** WORK REQUIRED **
The result should be the lines from the one holding "Scoop pie filling" to the end of the records below, repeated exactly. No pictures.

*** DATA ***

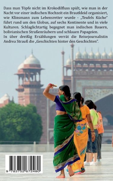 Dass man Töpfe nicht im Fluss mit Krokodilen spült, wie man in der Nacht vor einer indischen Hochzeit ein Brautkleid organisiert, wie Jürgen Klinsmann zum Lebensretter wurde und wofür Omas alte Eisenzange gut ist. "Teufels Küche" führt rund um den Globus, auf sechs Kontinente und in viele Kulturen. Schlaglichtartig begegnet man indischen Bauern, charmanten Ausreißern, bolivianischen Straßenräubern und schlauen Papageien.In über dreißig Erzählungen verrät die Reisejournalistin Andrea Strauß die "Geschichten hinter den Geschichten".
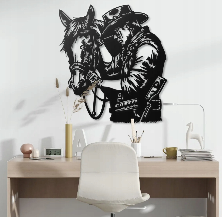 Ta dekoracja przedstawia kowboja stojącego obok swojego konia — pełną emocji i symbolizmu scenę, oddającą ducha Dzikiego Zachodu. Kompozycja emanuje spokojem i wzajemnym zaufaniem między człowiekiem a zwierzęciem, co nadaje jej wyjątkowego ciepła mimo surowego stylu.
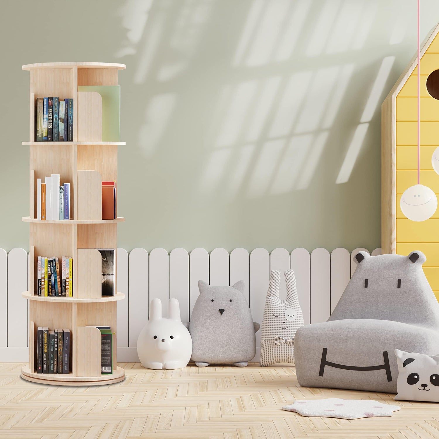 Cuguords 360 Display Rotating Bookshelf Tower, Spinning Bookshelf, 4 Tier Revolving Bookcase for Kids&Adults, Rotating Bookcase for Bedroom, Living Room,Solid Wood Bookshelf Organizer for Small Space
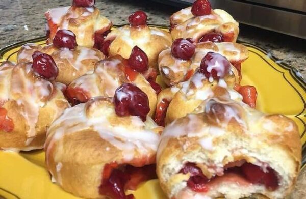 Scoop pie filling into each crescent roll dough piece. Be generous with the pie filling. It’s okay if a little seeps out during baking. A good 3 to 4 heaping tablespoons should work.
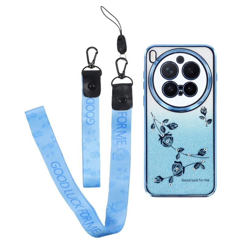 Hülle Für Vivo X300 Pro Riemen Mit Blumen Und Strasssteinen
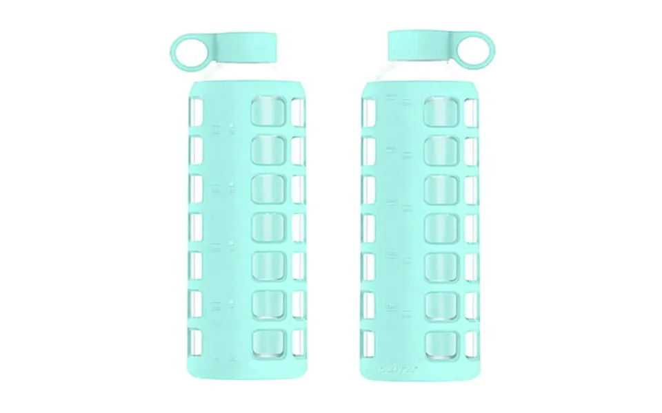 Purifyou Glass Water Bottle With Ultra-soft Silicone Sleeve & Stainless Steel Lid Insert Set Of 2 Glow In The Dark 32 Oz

*** End of DATA ***

** RESULT FOR THIS TASK **
 Scoop pie filling into each crescent roll dough piece. Be generous with the pie filling. It’s okay if a little seeps out during baking. A good 3 to 4 heaping tablespoons should work.
 Hülle Für Vivo X300 Pro Riemen Mit Blumen Und Strasssteinen
 Purifyou Glass Water Bottle With Ultra-soft Silicone Sleeve & Stainless Steel Lid Insert Set Of 2 Glow In The Dark 32 Oz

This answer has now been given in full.